WHAT IS REQUIRED: What you write should match, word for word, the lines from the one containing "4号苗サイズにおすすめのベー" through the end of the data, with no pictures.

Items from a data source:

++++++++++++++++++++

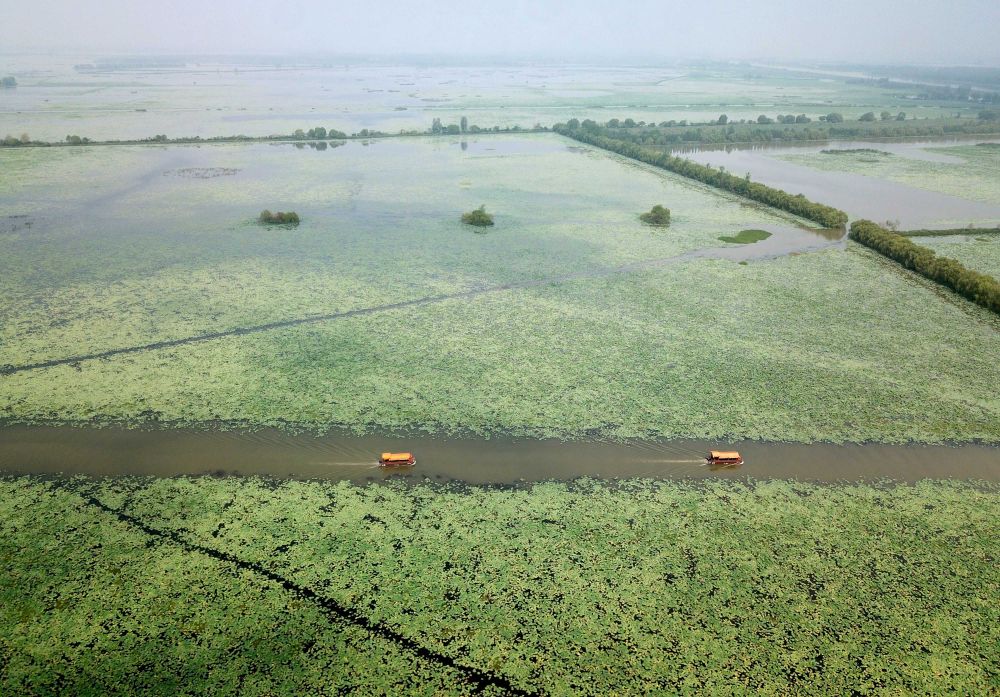 游客在微山湖游覽(2022年8月24日攝)。新華社記者 徐速繪 攝
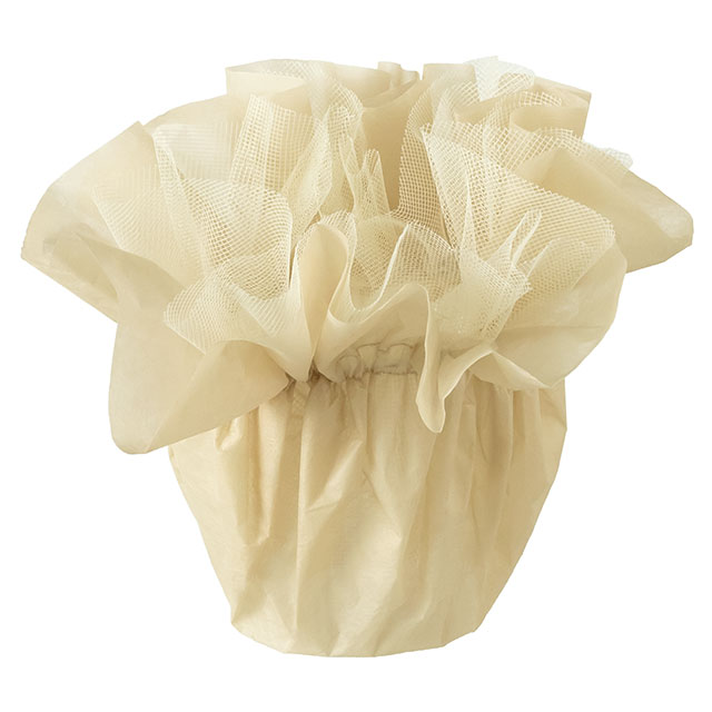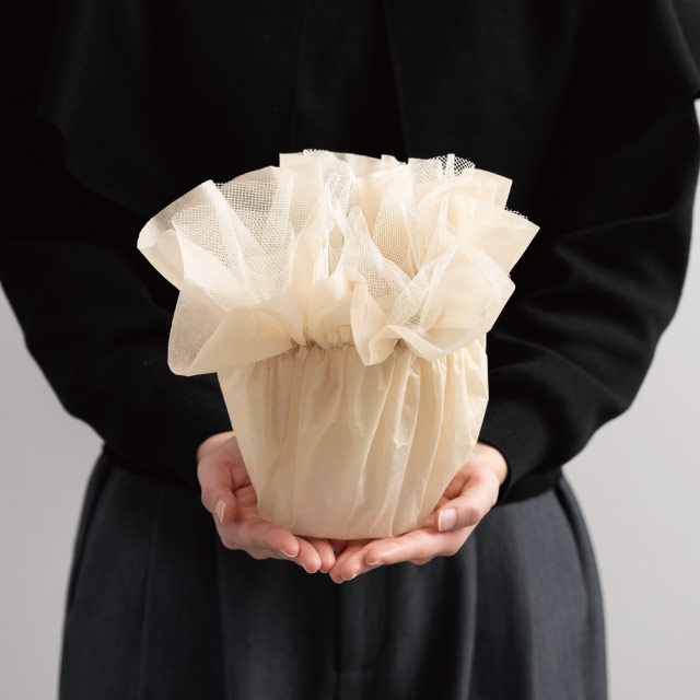 4号苗サイズにおすすめのベージュのポットラッピング資材(鉢カバー)です。お花を入れるだけでカンタンに華やかなラッピングが完成!不織布とレースの各層を広げてお好みの形に整えることで更にボリュームたっぷりな仕上がりに。カーネーションやシクラメンなど、様々な苗物をキレイに包めます。内側はビニール加工をしているので、多少の水濡れや土汚れも心配ありません。母の日需要が高まる忙しい時の強い味方!
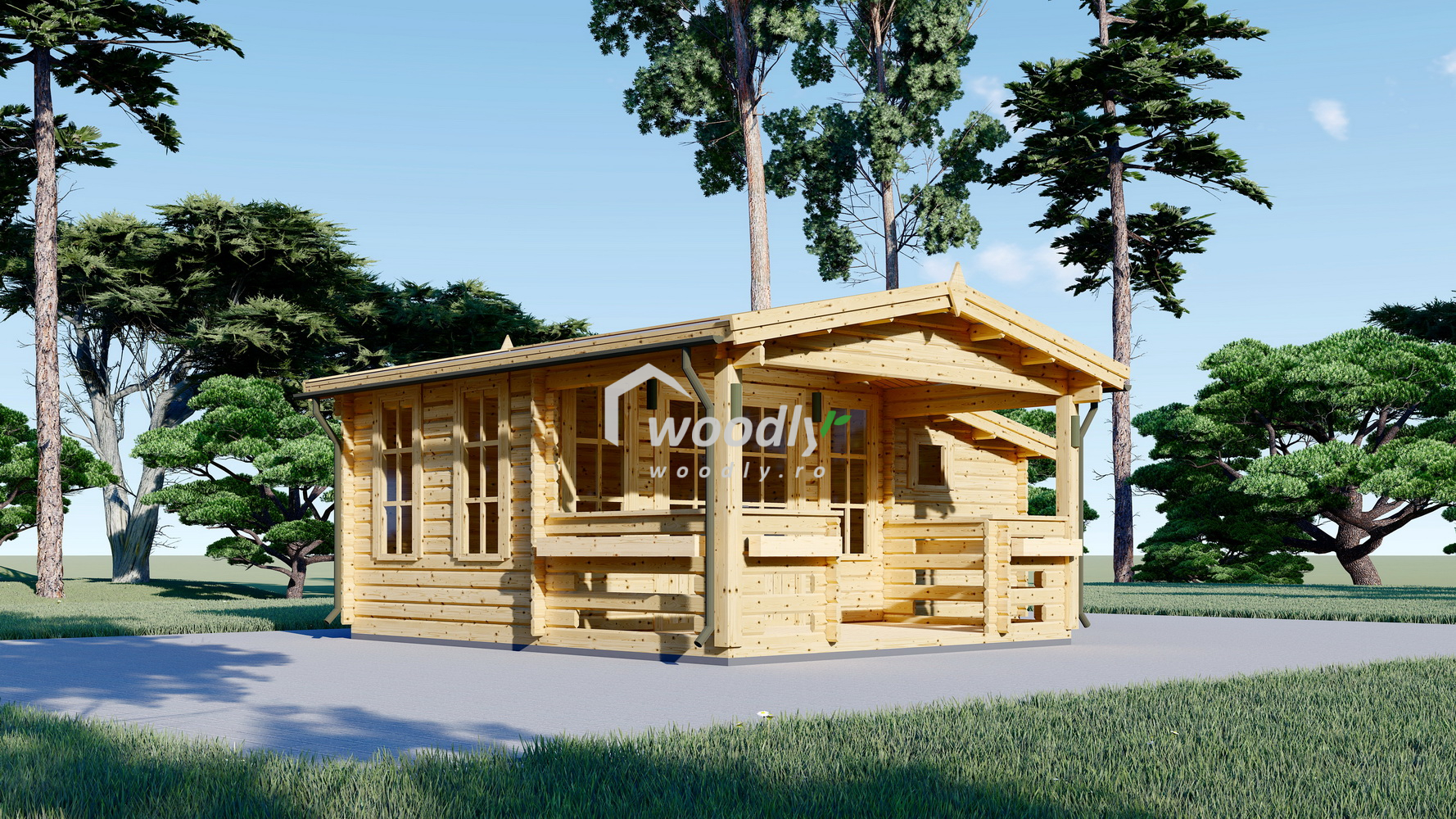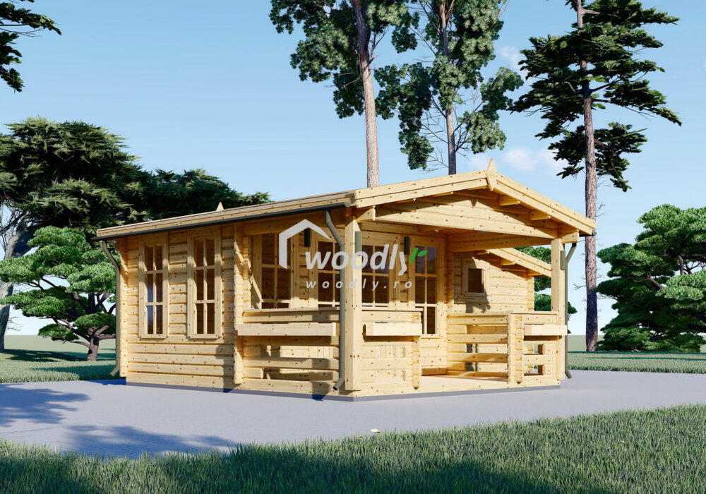 Căsuță de grădină din lemn ISLA, 25 mp, cu terasă acoperită de 7 mp, ferestre cu geam dublu și compartimentare flexibilă, ideală pentru relaxare sau activități de vară.
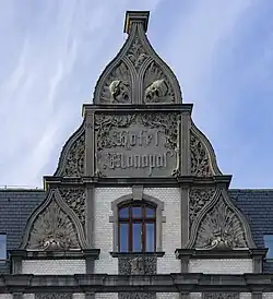 Tylne elewacje hotelu utrzymane są w czerwonej cegle[16].
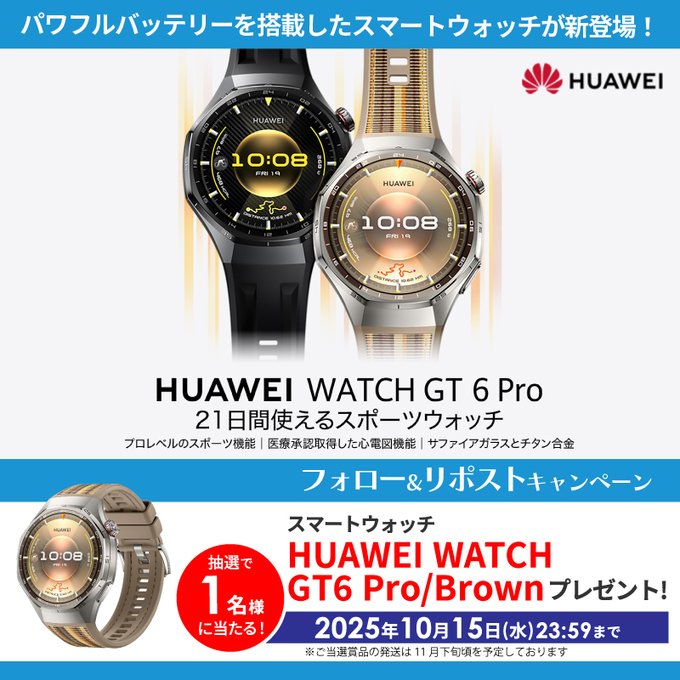 賞品:HUAWEI WATCH GT 6 Pro(1名様)

++++++++++++++++++++

ANSWER FOR THIS EXERCISE:
 4号苗サイズにおすすめのベージュのポットラッピング資材(鉢カバー)です。お花を入れるだけでカンタンに華やかなラッピングが完成!不織布とレースの各層を広げてお好みの形に整えることで更にボリュームたっぷりな仕上がりに。カーネーションやシクラメンなど、様々な苗物をキレイに包めます。内側はビニール加工をしているので、多少の水濡れや土汚れも心配ありません。母の日需要が高まる忙しい時の強い味方!
 Căsuță de grădină din lemn ISLA, 25 mp, cu terasă acoperită de 7 mp, ferestre cu geam dublu și compartimentare flexibilă, ideală pentru relaxare sau activități de vară.
 Tylne elewacje hotelu utrzymane są w czerwonej cegle[16].
 賞品:HUAWEI WATCH GT 6 Pro(1名様)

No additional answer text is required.